Frente a lo que se denominaba fijismo, según el cual las especies habían sido siempre iguales y habían sido creadas por Dios independientemente unas de otras, en el siglo xviii —cuando se formuló el concepto moderno de especie biológica— se empezó a discutir acerca de la posibilidad de que las especies se transformaran. El principal naturalista de la época, el sueco Carl Linneo (1707-1778), mantenía una posición fijista muy difundida.

Otros, como el francés Georges Louis Leclerc, conde de Buffon (17071788), sugirieron que las especies podían haber sufrido cambios. Buffon elaboró toda una teoría de «las épocas de la naturaleza» según la cual la Tierra habría pasado por siete periodos desde su formación hasta el presente, y diferentes especies habrían sido creadas en diferentes periodos.

Sin embargo, fue el también francés Jean-Baptiste Lamarck (17441829) el más conocido defensor del transformismo, principal punto de vista evolucionista previo a Darwin.
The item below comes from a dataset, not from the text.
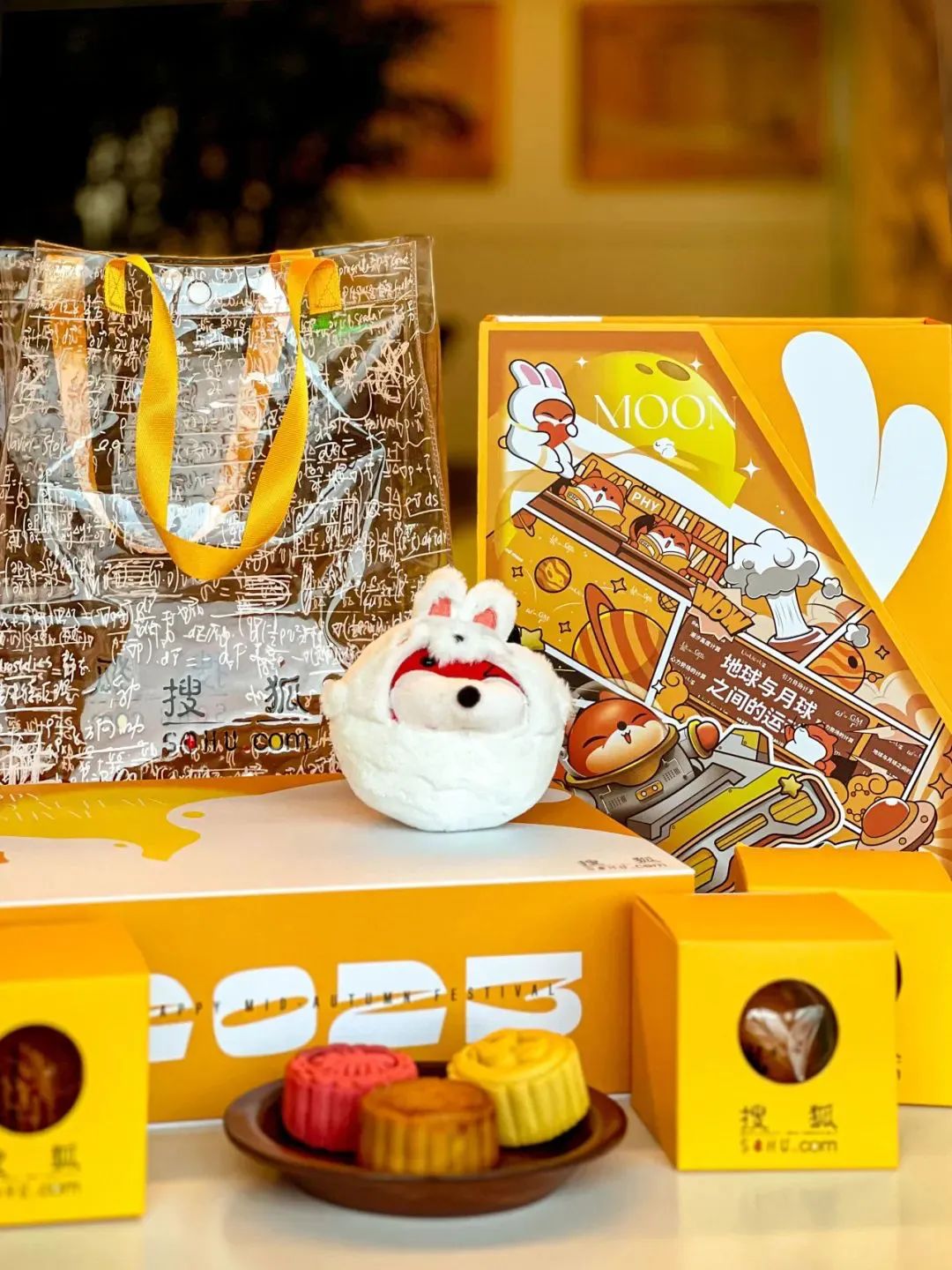 除了六種口味的繽紛月餅,遙望的中秋禮盒搭配了不少可愛的小物件,比如飛碟形狀的快客杯、月亮背景的冰箱貼以及中秋限定版兔子小Y。

Lamarck, a principios del xix , defendió no sólo que las especies habían experimentado transformaciones hasta llegar a su estado actual, sino además que unas habían surgido a partir de otras, incluyendo al ser humano. La transformación de las especies, según ese punto de vista, obedece a leyes. En concreto, Lamarck atribuye las modificaciones a tres causas: las condiciones físicas en que viven los animales, el cruzamiento reproductivo y el principio del uso y el desuso. Es este último principio el que se hizo más famoso. Consiste en afirmar que, cuando el medio cambia, las actividades de los animales cambian a su vez para adaptarse a él y, con ello, cambia también su cuerpo. El uso recurrente de un órgano hace que éste se hipertrofie; en cambio, su falta de uso hace que se atrofie. Pero además Lamarck creía en un principio de transmisión hereditaria que mucho más tarde —a principios del siglo xx — se demostraría imposible, pero que fue ampliamente aceptado incluso por Darwin: la herencia de los caracteres adquiridos, en virtud de la cual los efectos del uso y el desuso sobre los órganos se transmiten a los descendientes.

La obra de Darwin

Una de las principales vías a través de las cuales el discurso científico del siglo xix naturalizó la subjetividad, si no la principal, fue el evolucionismo (Fernández, 2005; Fernández y Sánchez, 1990a; Sánchez y Fernández, 1990). A partir de la obra de Darwin, incluso quienes se oponían al evolucionismo y mantenían posiciones creacionistas tuvieron que elaborar sus argumentos teniendo en cuenta el darwinismo.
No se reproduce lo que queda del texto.